Robert Reny, a water resources data specialist, also said that certain regions are extremely dependent on receiving water from the California State Water Project, a water storage and delivery system that provides clean water to 27 million Californians, according to its website. However, going into next year, there is going to be close to zero water from the State Water Project.

Reny added that the State Water Project’s supply of water is so depleted because of insufficient rainfall that, even now, Southern California is only receiving 5% of water from the system.

“(It’s) the places that are reliant on the state that are kind of in the most trouble right now,” he said. “It’s very much an infrastructure issue. If you could get the Colorado River all the way over to … places on the west side that are more reliant on the State Water Project, then it wouldn’t be as big of a problem.”

Reny added that many conservation efforts have been centered around infrastructure issues, such as the dependence on the State Water Project, as well as lowering water usage in agricultural areas.

Both he and Pincetl said that Californians can also be more conscious about their water usage.

The state should ban new lawns because about 50% of water used by single-family households goes to watering their lawns, Pincetl said.

In terms of University-wide policies in regard to water conservation, all 10 campuses have agreed to a water reduction target of reducing potable water consumption by 36% by 2025, Katz said.

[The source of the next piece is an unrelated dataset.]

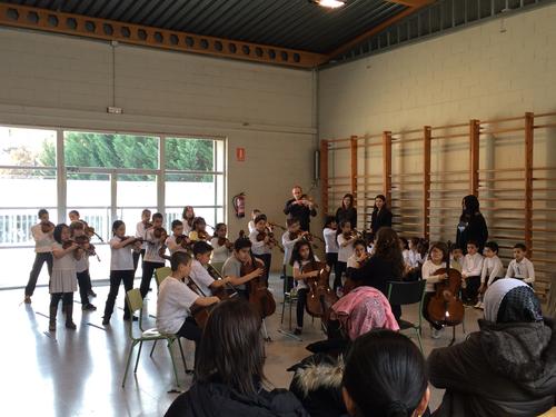 Ahir, 24 nens i nenes de tercer primària es va estrenar com a intèrprets de violí, viola i violoncel, davant un auditori ple de companys de classe, les seves famílies i membres del professorat, que van escoltar amb emoció el concert.
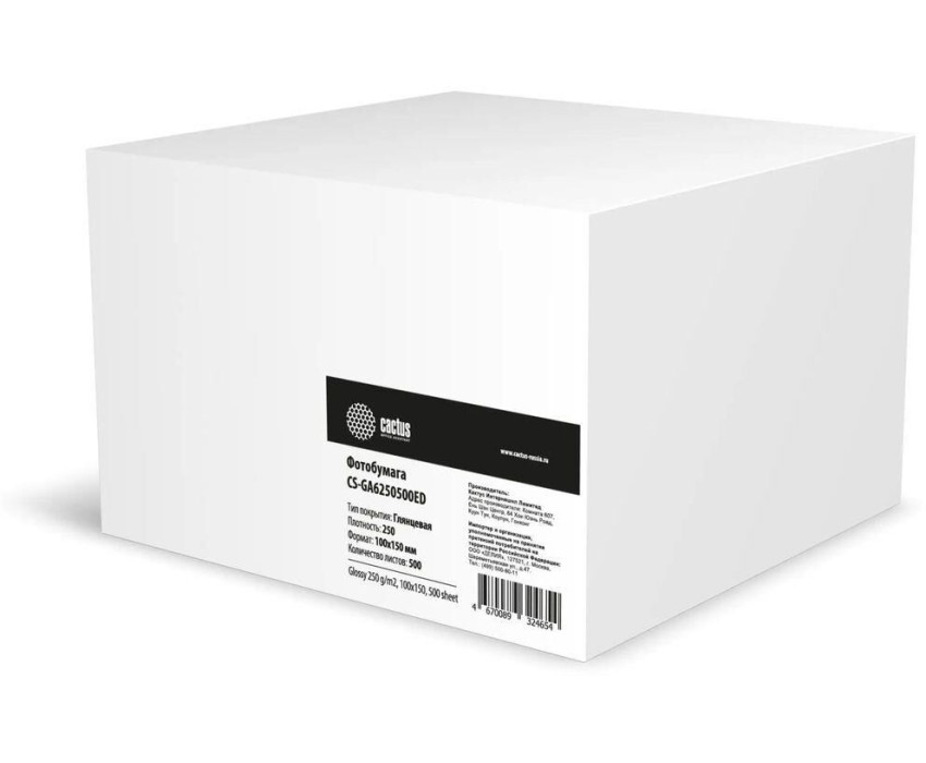 CACTUS Фотобумага CS-GA6250500ED A6/250г/м2/500л./белый глянцевое для струйной печати

Katz added that last year, the University of California was able to reduce water usage by 47%. However, she added that a large portion of this decrease was due to the COVID-19 pandemic and the reduced number of students on campuses. With students returning to campus this academic year, the UC has to face new challenges related to water usage, she said.

“UC has made a lot of progress and saved millions of gallons of water, but there’s always still more that needs to be done,” Katz said.

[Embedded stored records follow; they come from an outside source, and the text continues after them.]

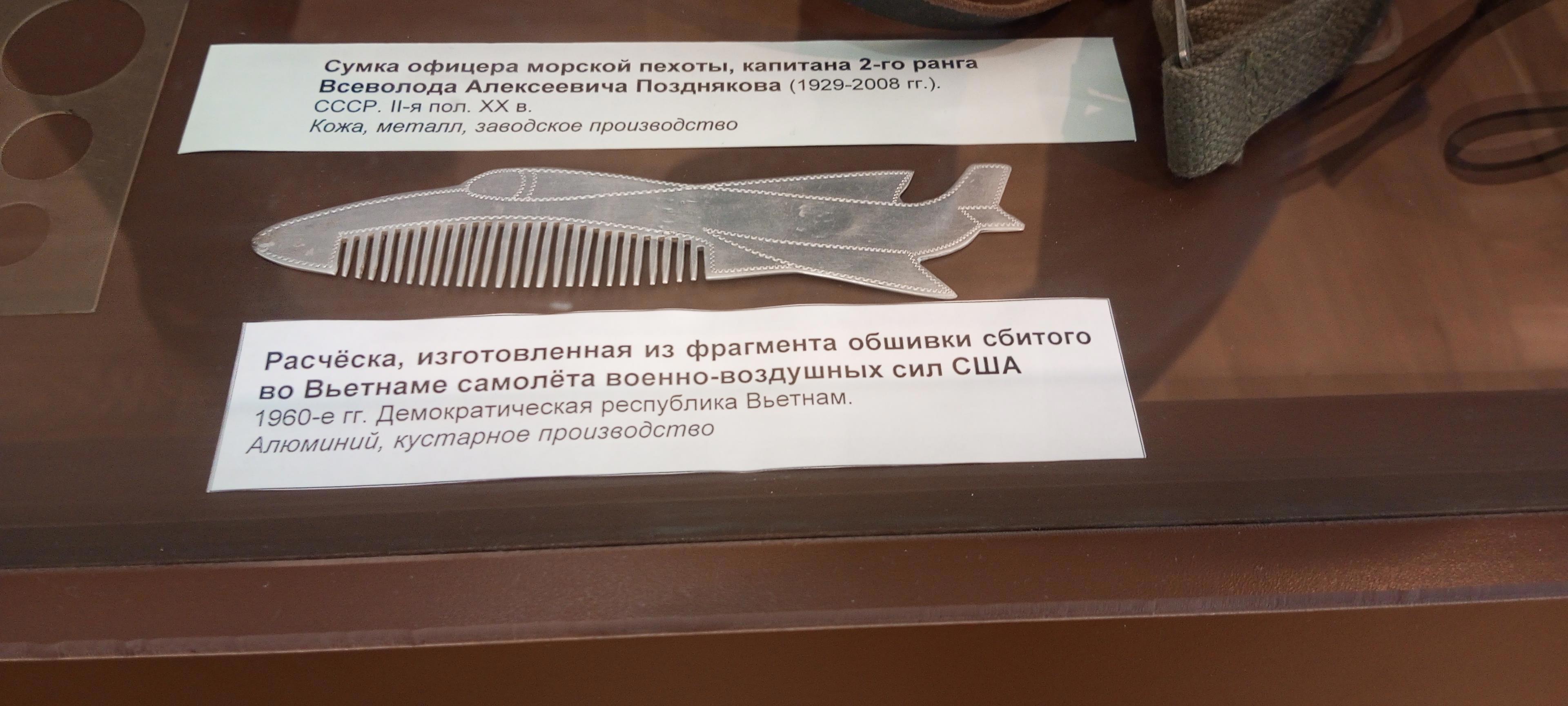 Еще одна особенность смоленского музея: несколько залов посвящено смолянам, которые так или иначе принимали участие в заморских походах, особенно в современный период: Афганистан, Африка, Вьетнам. Речь, конечно, идет о различных вариантах интернациональной дружбы в СССР. Мне почему-то особенно бросилась в глаза расческа, сделанная из обшивки американского самолета, сбитого где-то во Вьетнаме нашими военспецами, естественно из Смоленска.
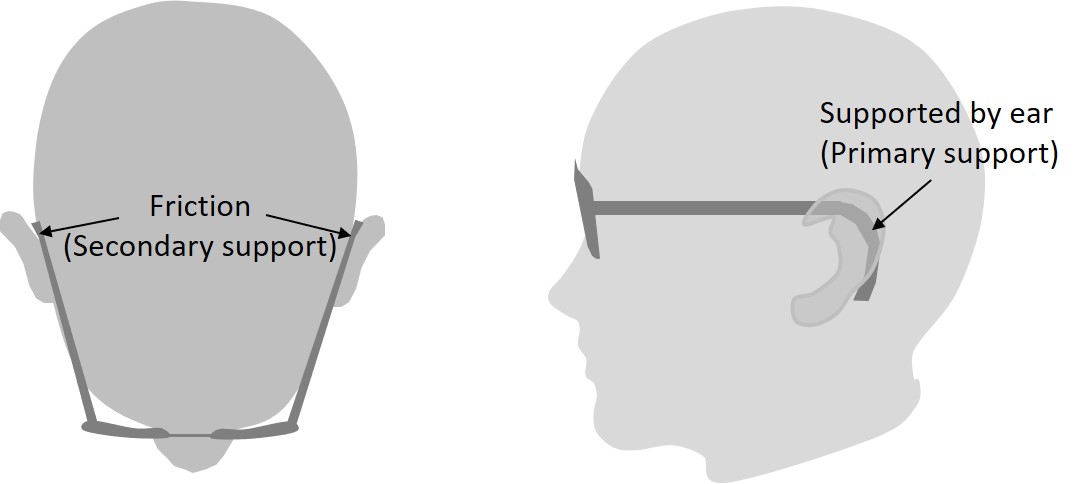 The cable or curly temple is probably the most secure design with the curved temple tip to hook down the back of the ears. The weight of the glasses is supported mainly by the back of the ears with some contribution by friction as shown in figure 4. Unfortunately, this design is unpopular as it may cause discomfort to the user if the temple tip squeezes the ear. It is also not possible to make any adjustments to the curvature of the temple tip.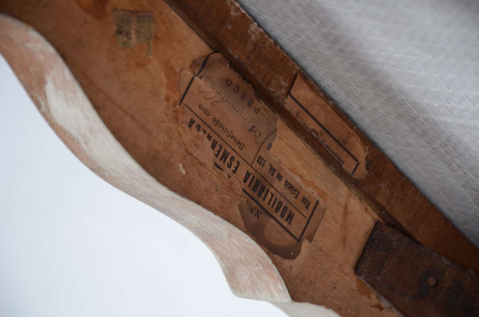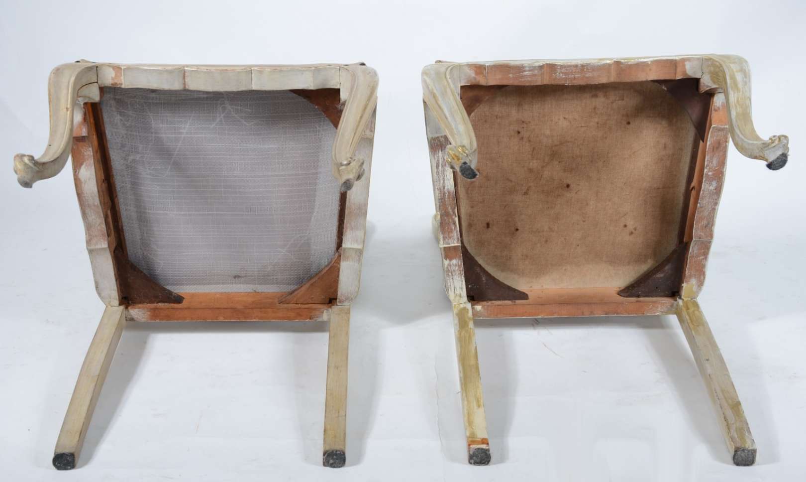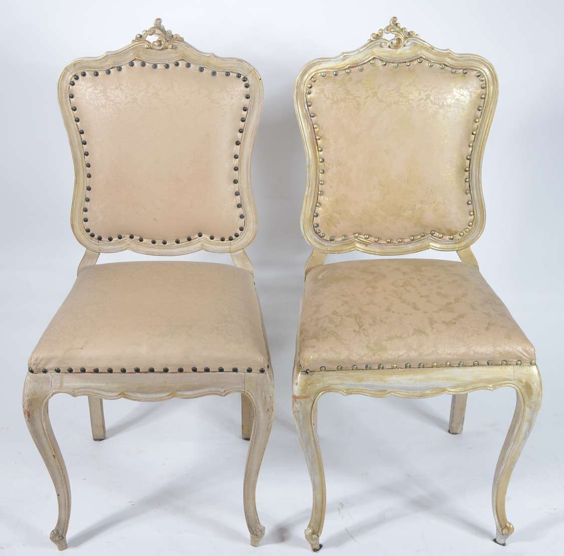 Par de cadeiras de madeira, estofadas e forradas em tecido cinza. Estofado com algumas manchas.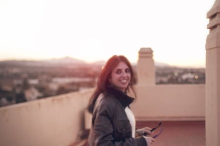 Portrait young woman on the roof at sunset on the beach a sunny spring day

People do not realize how essential it is to conserve water because many have forgotten that California is even in a drought, she added.

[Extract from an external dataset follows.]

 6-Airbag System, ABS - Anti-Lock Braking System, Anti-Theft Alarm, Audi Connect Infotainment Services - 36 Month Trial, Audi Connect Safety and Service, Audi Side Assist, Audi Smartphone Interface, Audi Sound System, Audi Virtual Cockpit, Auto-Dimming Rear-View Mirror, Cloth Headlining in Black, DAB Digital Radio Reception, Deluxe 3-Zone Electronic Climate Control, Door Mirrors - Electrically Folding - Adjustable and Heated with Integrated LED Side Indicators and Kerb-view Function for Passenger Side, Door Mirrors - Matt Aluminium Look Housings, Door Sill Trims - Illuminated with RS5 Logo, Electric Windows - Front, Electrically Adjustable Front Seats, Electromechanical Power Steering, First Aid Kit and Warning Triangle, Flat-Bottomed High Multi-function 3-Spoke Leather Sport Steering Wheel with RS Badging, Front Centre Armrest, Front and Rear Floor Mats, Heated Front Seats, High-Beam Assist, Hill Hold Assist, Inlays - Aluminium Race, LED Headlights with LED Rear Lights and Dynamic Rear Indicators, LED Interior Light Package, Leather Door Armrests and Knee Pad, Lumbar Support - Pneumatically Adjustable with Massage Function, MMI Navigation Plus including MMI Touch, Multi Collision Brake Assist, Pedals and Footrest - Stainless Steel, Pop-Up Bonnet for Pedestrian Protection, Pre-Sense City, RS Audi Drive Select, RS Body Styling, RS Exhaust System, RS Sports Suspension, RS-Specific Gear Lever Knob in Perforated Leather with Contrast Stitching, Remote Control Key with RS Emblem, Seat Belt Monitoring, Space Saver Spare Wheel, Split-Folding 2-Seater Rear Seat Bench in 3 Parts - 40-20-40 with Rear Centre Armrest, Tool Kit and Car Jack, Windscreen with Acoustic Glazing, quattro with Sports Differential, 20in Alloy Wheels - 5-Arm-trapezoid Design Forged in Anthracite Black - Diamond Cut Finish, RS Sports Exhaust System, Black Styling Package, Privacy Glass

“A lot of people think, ‘Oh well, I’m one person, what can I do?’” Katz said. “But there’s 80,000 of us at UCLA, so little actions do add up.”

Despite the need for better conservation efforts, Pincetl said that excessive water usage and the drought are two separate problems. California has historically always had periods of drought, so climate change is not solely to blame. However, greenhouse gas emissions do exacerbate the effects, she added.

Reny said he is concerned by the increased dryness and loss of snowpack – an accumulation of slow-melting snow in mountainous areas – as the Earth warms. Reny added that snowpack is very important to California’s water system because as snow melts, reservoirs fill.

“I think that California probably has enough water to sustain most of our activities,” Pincetl said. “However, we have no water to waste. And so we should think about what our priorities are for water and the urban environment.”